» **The problem**:
Print the data below exactly as it stands, and keep the pictures out.

» **Information shown**:
- - -

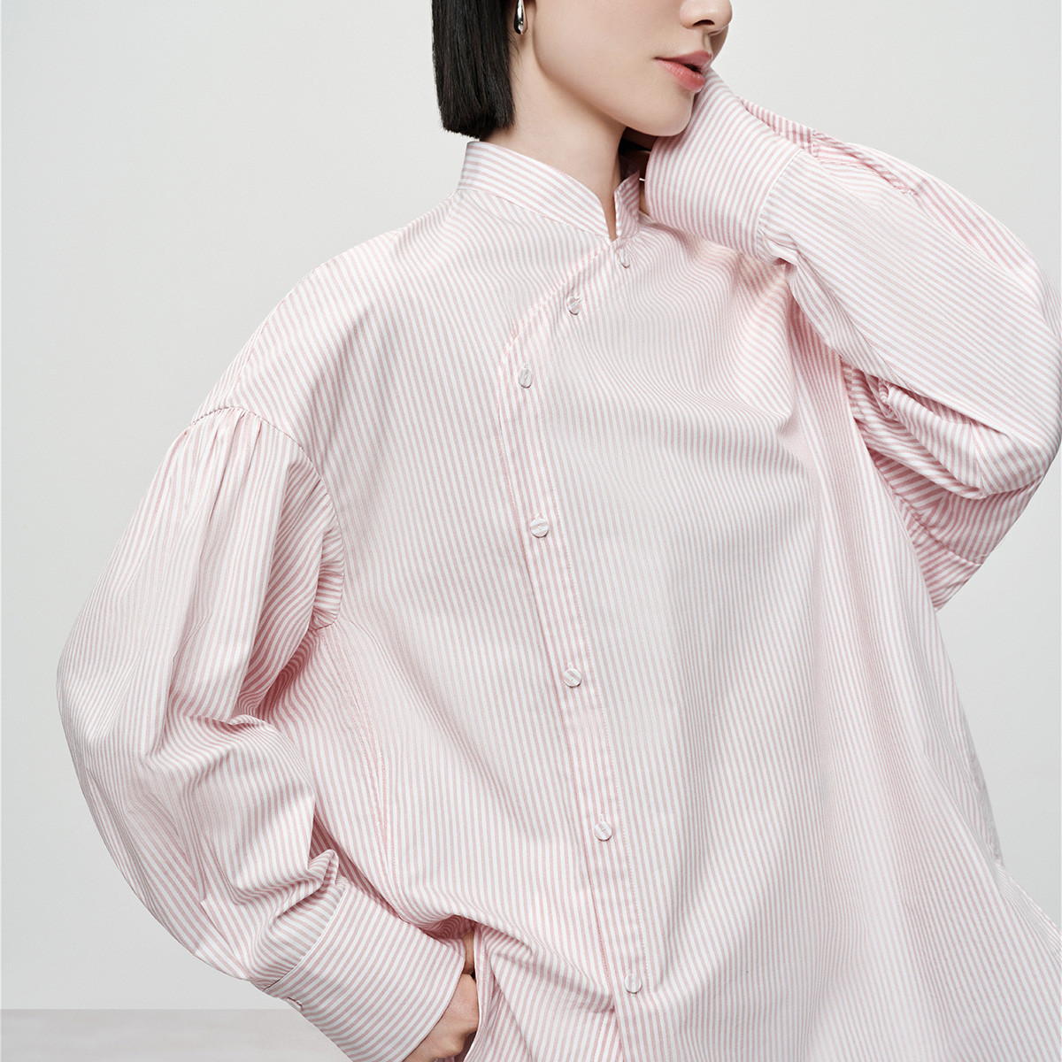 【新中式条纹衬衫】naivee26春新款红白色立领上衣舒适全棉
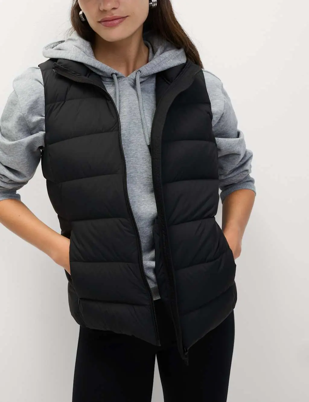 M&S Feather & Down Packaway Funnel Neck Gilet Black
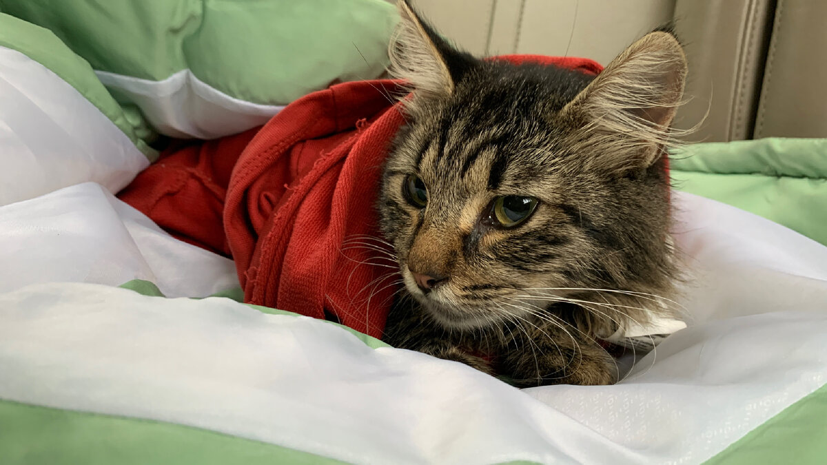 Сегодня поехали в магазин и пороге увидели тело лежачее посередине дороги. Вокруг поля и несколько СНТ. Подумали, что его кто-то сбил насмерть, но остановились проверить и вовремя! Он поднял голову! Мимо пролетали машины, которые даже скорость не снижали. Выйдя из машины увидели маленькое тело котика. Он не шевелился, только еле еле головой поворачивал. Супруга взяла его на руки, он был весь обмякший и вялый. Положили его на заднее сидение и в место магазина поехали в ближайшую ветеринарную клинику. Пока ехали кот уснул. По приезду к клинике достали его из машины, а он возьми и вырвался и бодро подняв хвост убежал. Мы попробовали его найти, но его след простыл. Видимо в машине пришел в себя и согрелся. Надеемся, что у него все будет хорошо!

- - -

» **Solved problem**:
 【新中式条纹衬衫】naivee26春新款红白色立领上衣舒适全棉
 M&S Feather & Down Packaway Funnel Neck Gilet Black
 Сегодня поехали в магазин и пороге увидели тело лежачее посередине дороги. Вокруг поля и несколько СНТ. Подумали, что его кто-то сбил насмерть, но остановились проверить и вовремя! Он поднял голову! Мимо пролетали машины, которые даже скорость не снижали. Выйдя из машины увидели маленькое тело котика. Он не шевелился, только еле еле головой поворачивал. Супруга взяла его на руки, он был весь обмякший и вялый. Положили его на заднее сидение и в место магазина поехали в ближайшую ветеринарную клинику. Пока ехали кот уснул. По приезду к клинике достали его из машины, а он возьми и вырвался и бодро подняв хвост убежал. Мы попробовали его найти, но его след простыл. Видимо в машине пришел в себя и согрелся. Надеемся, что у него все будет хорошо!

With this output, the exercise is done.